Solidaridad con distintos rostros. Se juntaron el hambre con las ganas de comer. El virus ese de nombre cambiante, covid, coronavirus, nos tenía acorralados desde hacía rato. En eso se nos vino encima el diluvio, no universal, pero sí devastador. Su nombre griego infundió mayor angustia. Quizá que los dioses del Olimpo estuvieran de malas pulgas a saber por qué motivo.

El caso es que ni siquiera los más ancianos habían experimentado jamás tan escandaloso derroche de agua. En pocos días el panorama cambió: agua y más agua arriba, abajo y en medio. Y no paraba de llover con entusiasmo desordenado.

La situación comenzó a ponerse color de hormiga conforme fueron apareciendo imágenes y relatos de lo que ya era una tragedia jamás vista por estos lares. Derrumbes, lagunas aparecidas de la nada, techos a nivel del agua, carreteras y caminos obstruidos. Hombres, mujeres, niños hacinados en cuanto espacio provisional, providencial, encontraban.

Videos dramáticos, fotos desconsoladoras, noticias alarmantes nos ayudaban a intuir la magnitud del desastre.

Y entonces surgió la bondad innata del corazón humano. Una marejada de ayuda de emergencia fue apareciendo como por arte de magia. Salvar vidas, despejar caminos, movilizar recursos de emergencia. Era la dimensión conmovedora de este ser humano tan insensible en apariencia.

En poco tiempo fluía toda clase de recursos: comida, ropa, medicinas, dinero. En cantidades sorprendentes. Y voluntarios dispuestos al frío y a la lluvia con tal de echar una mano urgente.

Nuestro pequeño y grande mundo salesiano de Carchá tuvo la mala suerte de encontrarse en el epicentro del huracán. Nuestras trescientas aldeas o comunidades rurales sufrieron el embate del desastre. Las menos, quedaron inundadas con graves daños: casas derruidas, cosechas arruinadas, caminos inaccesibles. Y el hambre, pues de la casa no se salvó nada. Las otras, más o menos fueron afectadas seriamente.

La solidaridad salesiana comenzó a sentirse. En pocos días nuestro centro de Chibajché comenzó a recibir camiones repletos de todo tipo de ayuda y dinero en efectivo. Voluntarios valientes clasificaban y empaquetaban esos valiosos recursos que salían en picops rumbo a las comunidades donde se podía llegar.

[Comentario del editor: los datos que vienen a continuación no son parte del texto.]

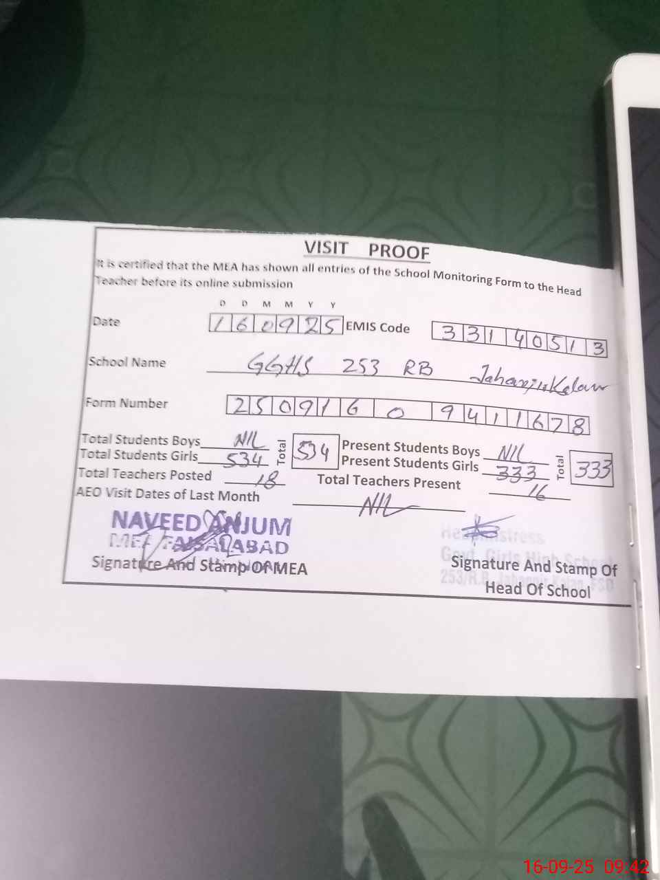 | Attendance Register | Head Teacher | MEA with School | Visit Proof |

Nuestro segundo centro misionero, Campur, a cincuenta kilómetros de Carchá, resultó ser uno de los lugares más dañados del país. En poco tiempo el poblado se transformó en una laguna profunda. Tan profunda que cubrió totalmente nuestra iglesia y parte de la vivienda salesiana. El poblado, con ser pequeño, es un punto de mercado en el que se aglutinan casas y negocios en un desorden edilicio rayano en caos. Muchas casas se hundieron, otras fueron invadidas por el agua, en algunas ese líquido sucio destruyó la mercadería. Toda la población escapó por el temor de que el pequeño cerro aledaño se desplomara sobre el poblado.

El padre José María Seas, salesiano, es el pastor del territorio de Campur. Él vivió en carne propia la tragedia. Como periodista improvisado, grabó videos estremecedores narrados con una voz tan dramática que Campur se volvió noticia nacional e internacional. Resultado: la ayuda inmediata a Campur es imparable, tanto del gobierno como de comunidades cercanas y lejanas.

Mientras escribo, está llegando Iota, la hermana gemela de Eta. Solo eso nos faltaba. Unos dicen que grado 5, otros que grado 1. La realidad es que ya no queremos más agua y más daños. La voluntad común es arremangarse la camisa y reconstruir este rincón de Guatemala habitado por gente pobre, pacífica y trabajadora.